2) check each right triangle apex coordinate to see if it is part of a rectangle

Step 1) can be achieved by finding those elements that are 1's and are in a column with a column sum >=2, and in a row with a row sum >=2.

Step 2) would then iterate through each coordinate determined to be the apex of a right triangle. For a a given right triangle coordinate pair, it would iterate through that column, looking at every other right triangle coordinate from 1) that is in that column. For any pair of 2 right triangle points in a column, it would then check which row has a smaller row sum to know which row would be faster to iterate through. Then it would iterate through all of the right triangle column coordinates in that row and see if the other row also has a right triangle point in that column. If it does, those 4 points form a rectangle.

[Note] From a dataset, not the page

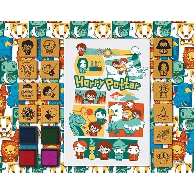 Set obsahuje 14 pěnových razítek, 4 barevné podušky a blok plný zábavných aktivit k luštění a vyplnění.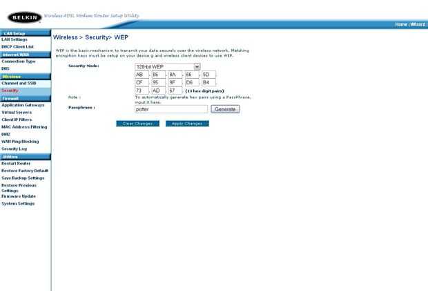 , Entonces necesitará iniciar sesión en su enrutador usando tú contraseña preestablecido o predeterminado. Una vez registrado en tendrá que navegar a la opción de seguridad o algo en ese sentido. Cuando en la seguridad tendrá que buscar el modo de seguridad (debe tener opciones de WEP, WPA etc). Seleccione la opción de WEP. Entonces se le pedirá una contraseña y haga clic en generar, una vez entradas 13 pares de dígitos hexadecimales deben aparecer, tome nota de estos dígitos o entrada directamente en ipod. usted tendrá que poner en cada espacios de sin dígitos.

I think this will work, but there will be repetition, and overall this procedure seems like it would be reasonably computationally intensive. What are some better ways for detecting rectangle corners in 0-1 arrays?

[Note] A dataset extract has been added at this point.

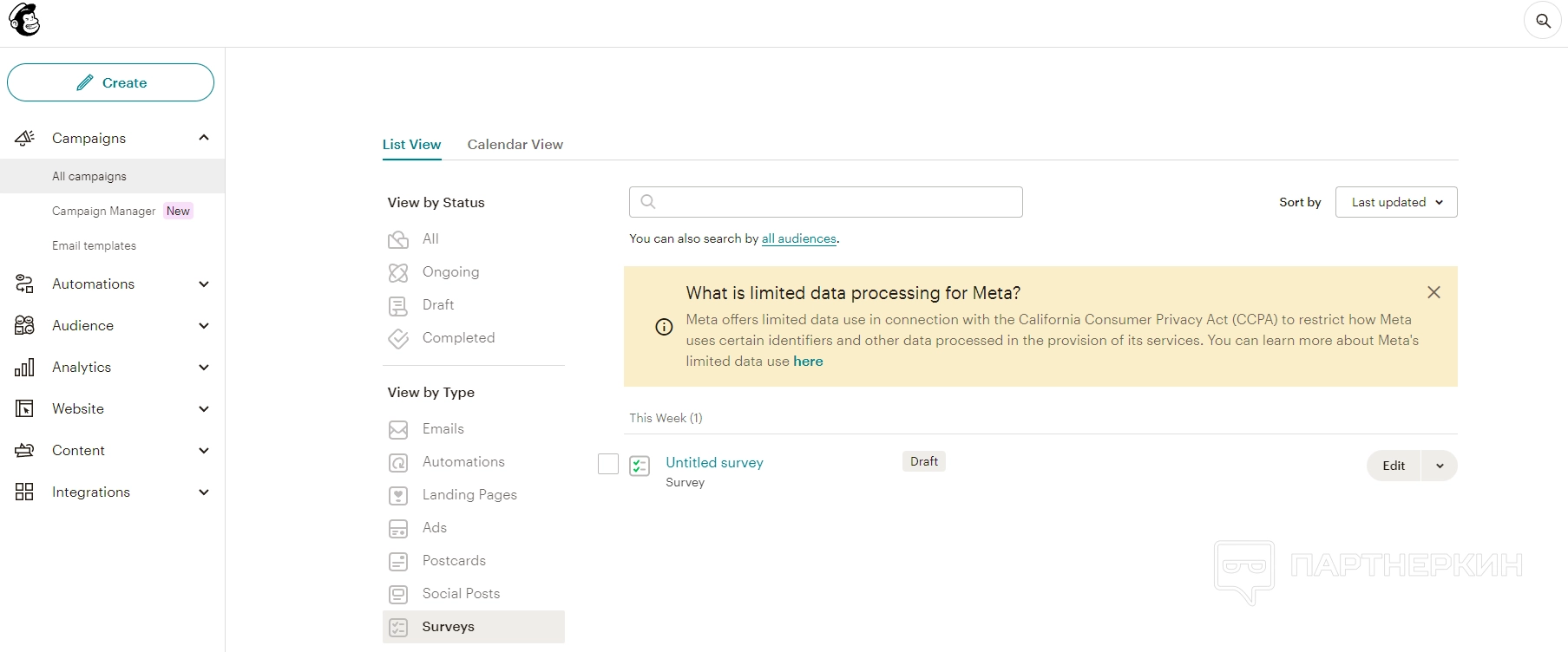 - Создание новой кампании. Сервис Mailchimp предоставляет различные инструменты и шаблоны, которые помогут создать эффективные и привлекательные письма для аудитории.

This is from the top of my head and during 5 hrs layover at LAX. Following is my algorithm:

Step 1: Search all rows for at least two ones

 |  0 0 0 1 0 1 0
 |  0 0 0 0 0 0 0
 |  0 1 0 0 0 0 0
\|/ 1 0 0 1 0 1 0
    0 0 0 0 0 0 0
    0 0 0 1 0 0 1

Output:

 -> 0 0 0 1 0 1 0
    0 0 0 0 0 0 0
    0 1 0 0 0 0 0
 -> 1 0 0 1 0 1 0
    0 0 0 0 0 0 0
 -> 0 0 0 1 0 0 1

Step 2: For each pair of ones at each row get the index for one's in the column corresponding to the ones, lets say for the first row:

 -> 0 0 0 1 0 1 0

you check for ones in the following columns:

       |   |
      \|/ \|/

 0 0 0 1 0 1 0
 0 0 0 0 0 0 0
 0 1 0 0 0 0 0
 1 0 0 1 0 1 0
 0 0 0 0 0 0 0
 0 0 0 1 0 0 1

Step 3: If both index match; return the indices of all four. This can be easily accessed as you know the row and index of ones at all steps. In our case the search at columns 3, 5 are going to return 3 assuming you start index from 0. So we get the indicies for the following:

 0 0 0 ->1 0 ->1 0
 0 0 0 0 0 0 0
 0 1 0 0 0 0 0
 1 0 0 ->1 0 ->1 0
 0 0 0 0 0 0 0
 0 0 0 1 0 0 1

Step 4: Repeat for all pairs

Algorithm Complexity I know you need to search for columns * rows * number of pairs but you can always use hashmaps to optimize search O(1). Which will make over complexity bound to the number of pairs. Please feel free to comment with any questions.